Он не моргнул. Не задал ни одного вопроса. Просто смотрел. Прямо, бесстыдно, спокойно. Как будто видел меня раньше. Как будто знал. Его взгляд был не по-мужски заинтересованным, не томным, не благодарным – он был хозяйским. Глубокий, выверенный, холодно-присваивающий.
Я напряглась. Сердце забилось резко, как от укола. Но я не отвела взгляд. Наверное, из принципа. Наверное, от страха. Наверное, потому что так делают врачи, когда встречают нечто, что не могут вылечить.
– Ты врач? – спросил он. Голос хриплый, низкий, с надрывом, но цепкий, как стальной трос.
– Да, – я ответила, стараясь держаться ровно, не сдаваться, не показывать, как сжались руки.
– Ты спасла меня?
Я кивнула. Он и сам знал, что да. Но ему нужно было это услышать.
– Значит, теперь ты моя.
Я открыла рот, чтобы возразить. Чтобы сказать: нет, не твоя, я просто делала свою работу, я не остаюсь, я не прошу ничего. Но он продолжил:
– Ты слишком много видела.
Сказано было спокойно, без нажима. Как будто он обсуждает погоду. Или факт, что в супе мало соли. Но в этих словах не было ни просьбы, ни благодарности. Это не был торг.

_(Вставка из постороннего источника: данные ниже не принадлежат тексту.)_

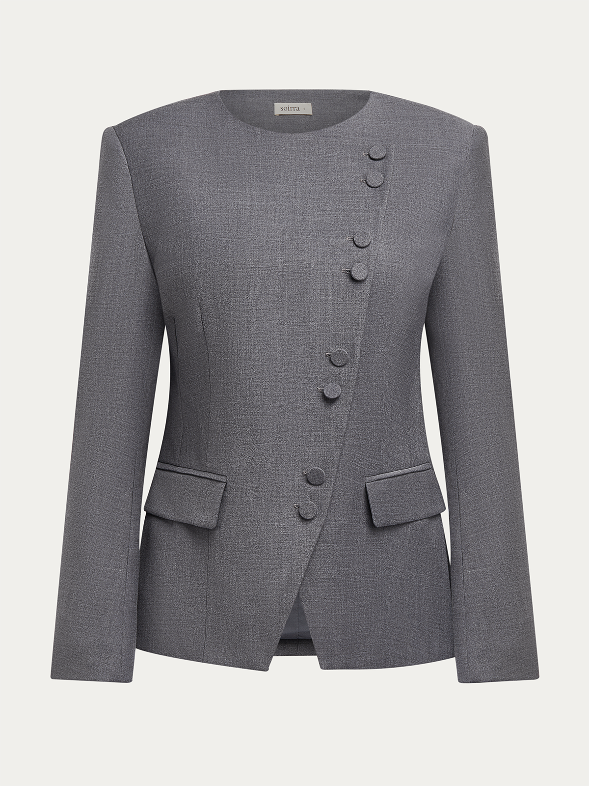 Gray Plain Lapel Collar Wrinkle-Resistant Blazer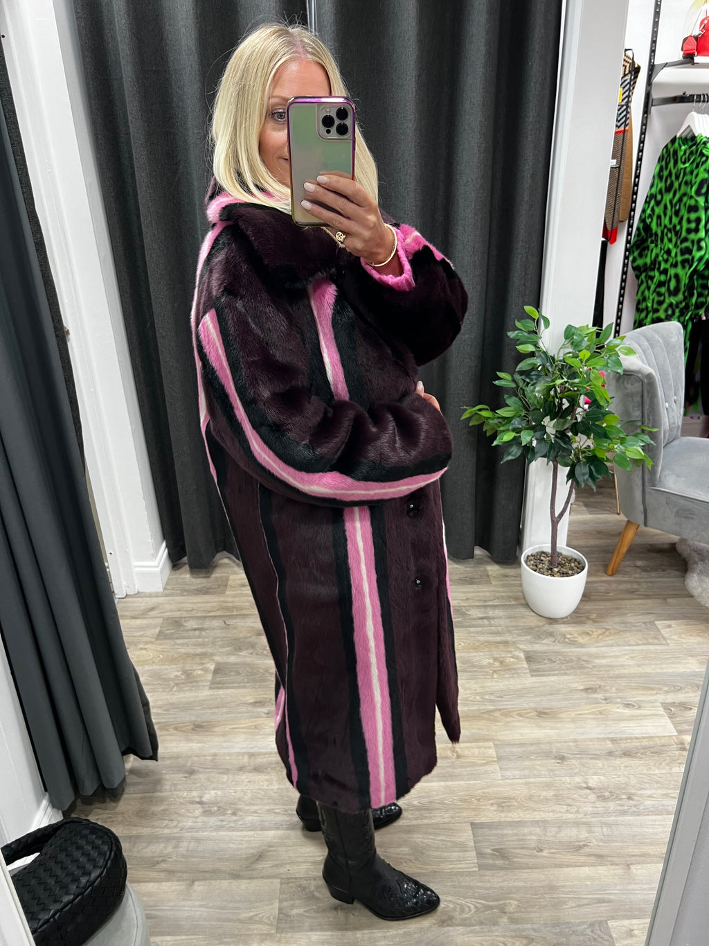 Jakke Kelly Faux Fur Coat - Burgundy Stripe
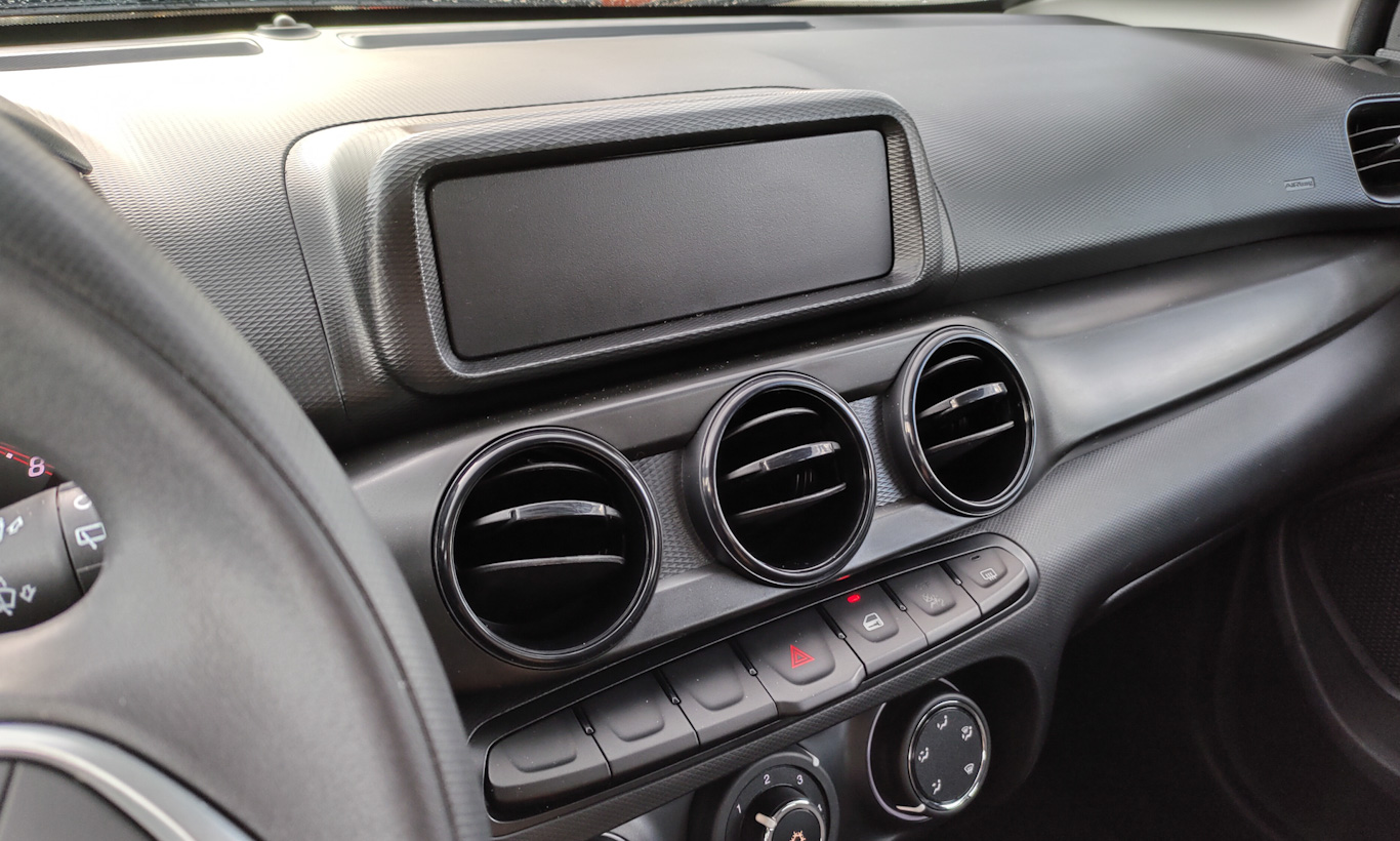 Uma das vantagens que o Argo sem nome tem em relação aos rivais é que como ele foi pensado para suprir até o público do Bravo, a Fiat caprichou no interior. Ainda que a ausência de rádio seja o ponto mais notável, ele não parece um carro básico demais. O painel é dominado pela cor preta, mas existem diversas texturas criando contrastes interessantes.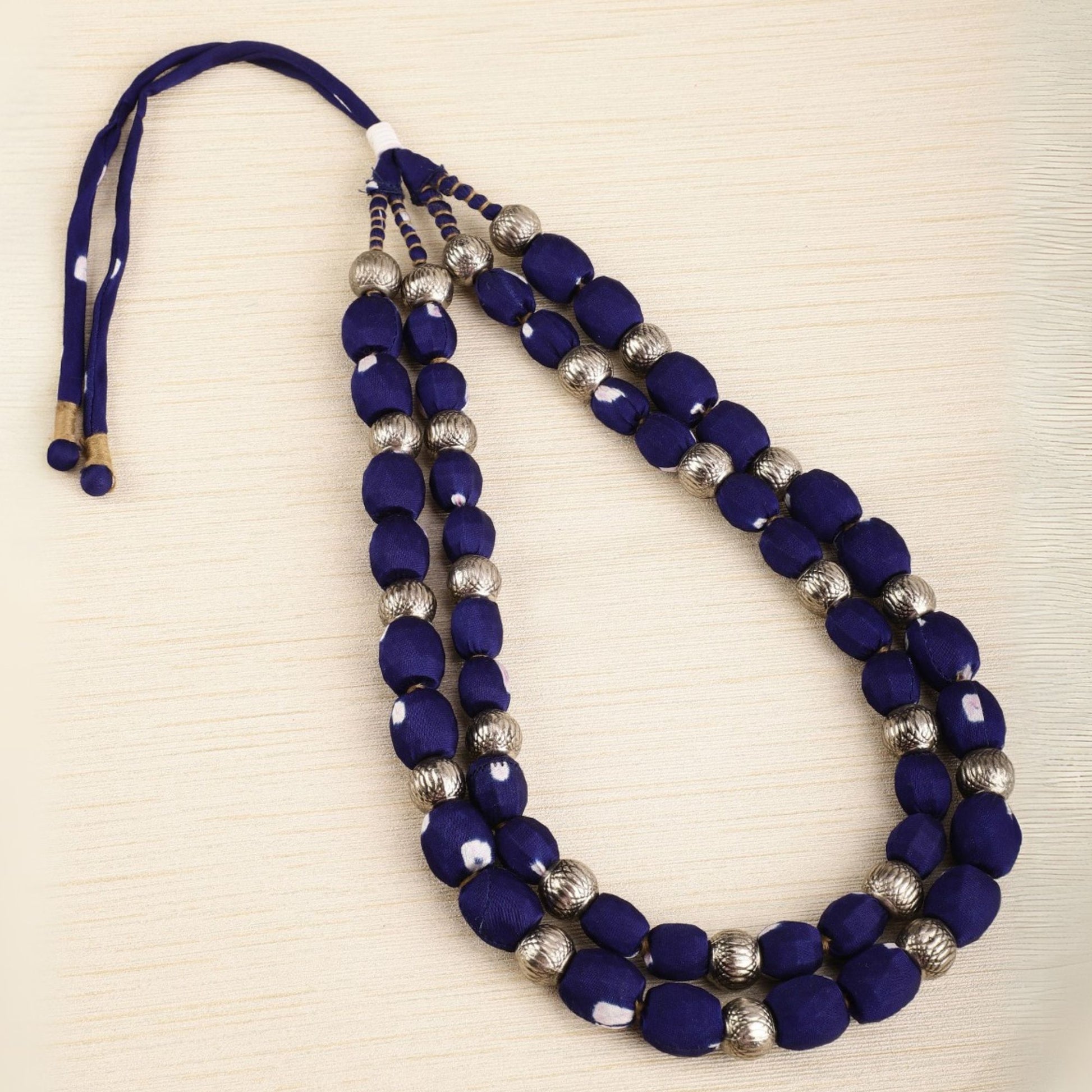 2 layer handmade fabric beaded necklace in bandhni silk highlighted with metal beads with an adjustable clasp. This zero-waste neckpiece is light and comfortable to wear and blends well with indian and western wear. Comes packed in a fabric pouch and is a perfect gifting option.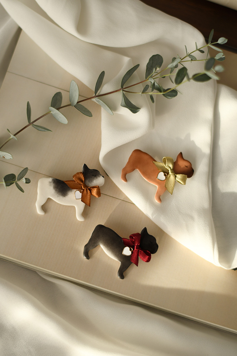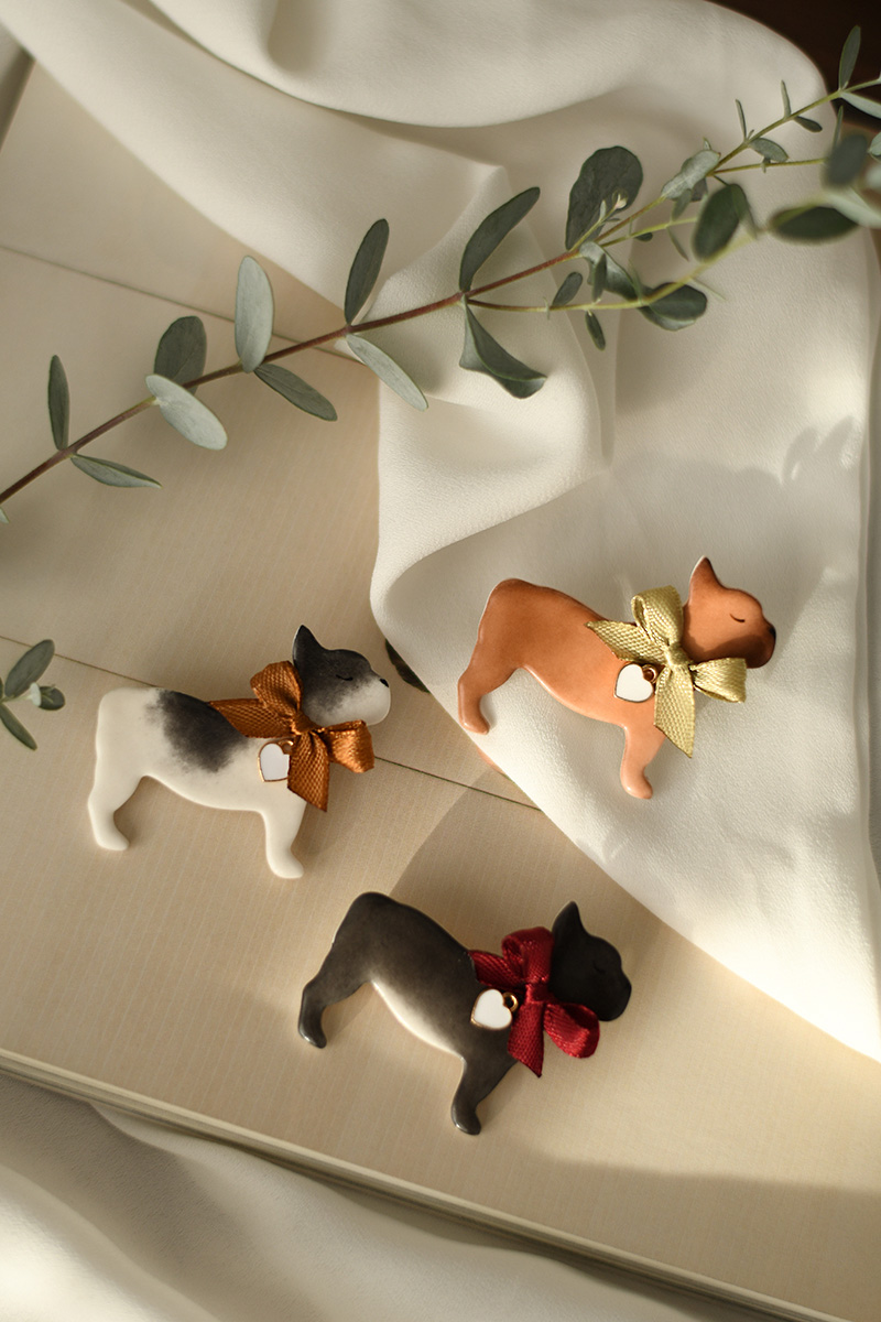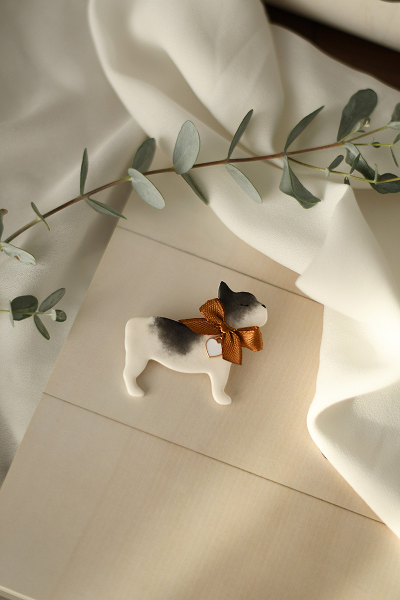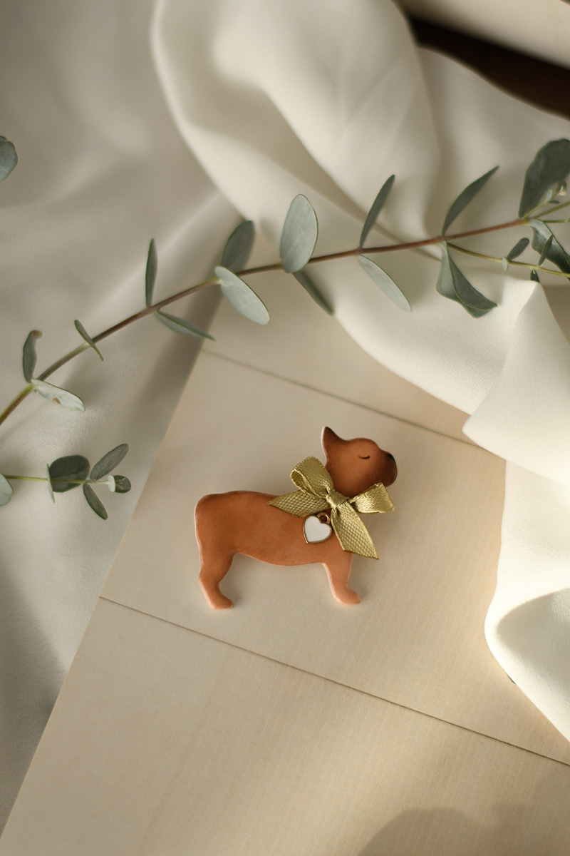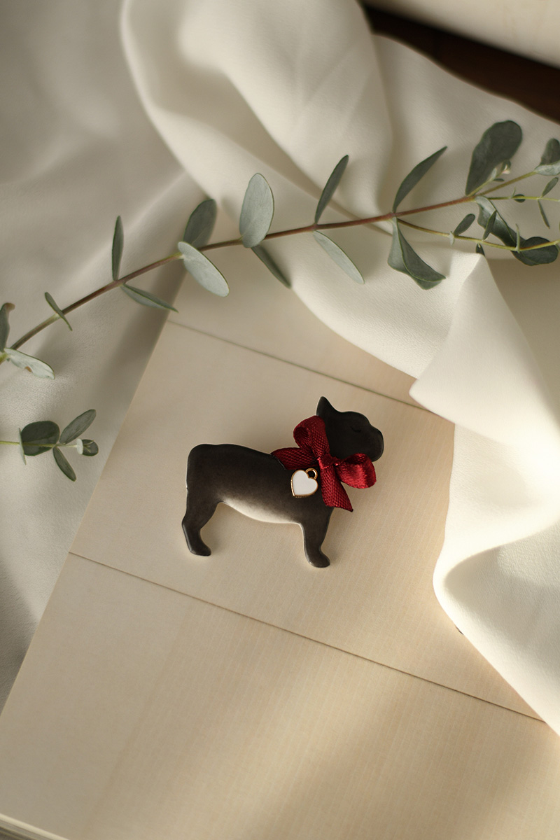 Brošňa francúzskeho buldočka s mašľou a príveskom v tvare srdiečka.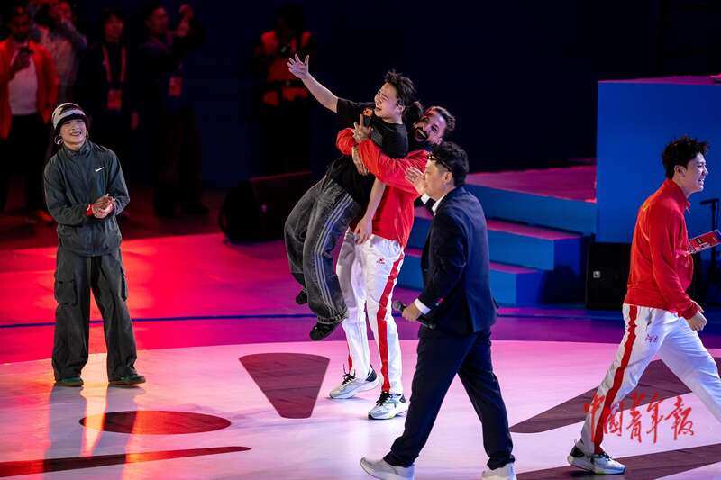 11月18日,广东广州,第十五届全国运动会霹雳舞女子组比赛,河南队刘清漪和教练在赛后庆祝。中青报·中青网记者 李隽辉/摄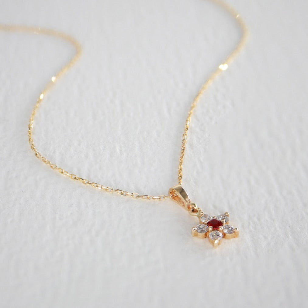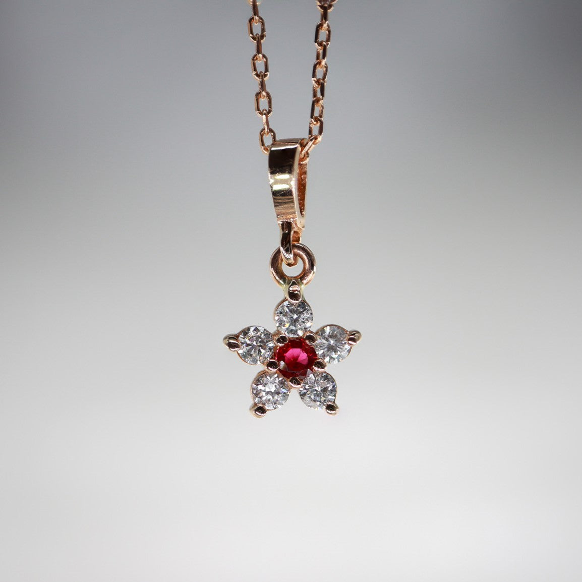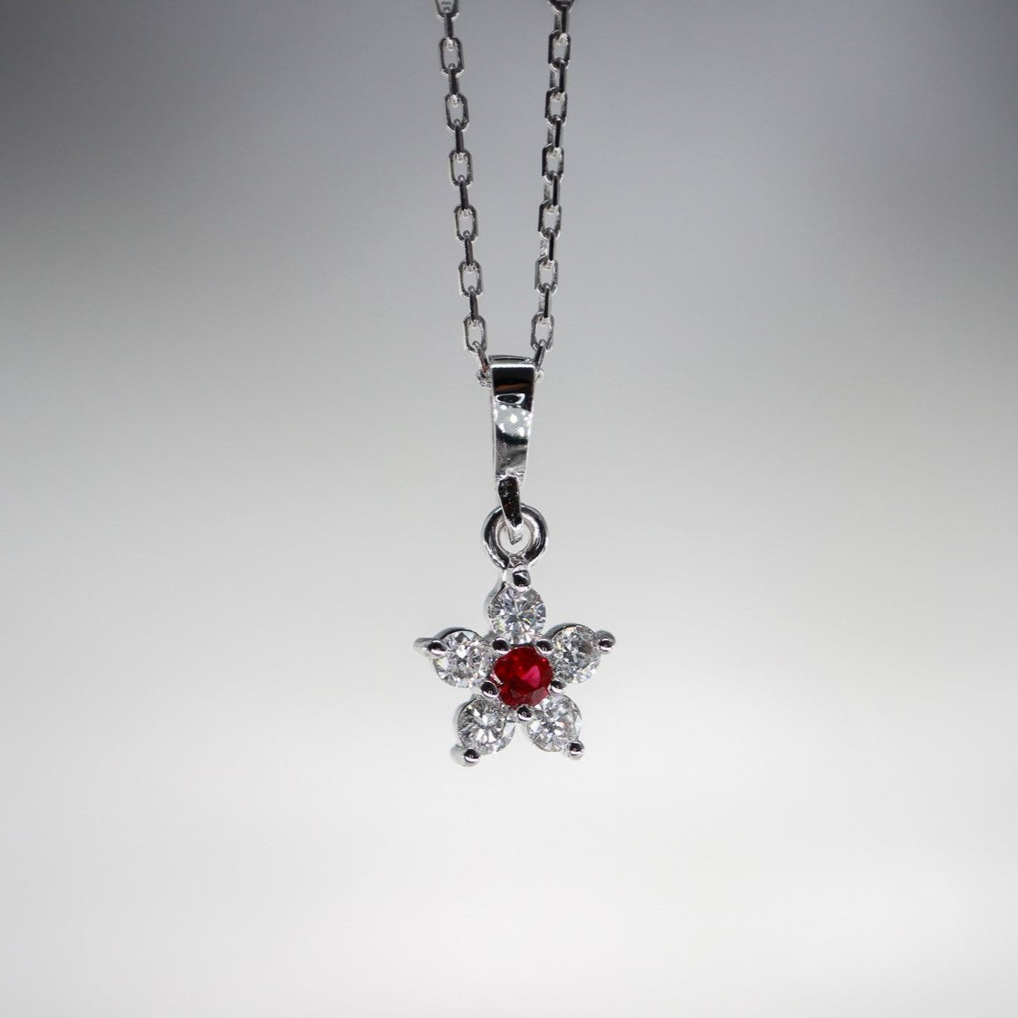 Papatya Model Yakut & Pırlanta Minimal Kolye

Это был приговор.
Я выпрямилась, словно от щелчка.
– Я хочу уйти, – произнесла я чётко. – Я сделала всё, что могла. Я не обязана здесь оставаться.
Охрана не шелохнулась. Давид, стоявший у стены, скрестил руки на груди и посмотрел на меня с выражением, в котором не было ничего – ни поддержки, ни насмешки. Только равнодушие.
– Домой. – я уточнила. – Я хочу домой. Сейчас.
Тишина.
Гия даже не приподнялся. Только едва повернул голову в мою сторону. Лицо бледное, губы сухие, глаза всё такие же тёмные – и всё такие же сосредоточенные.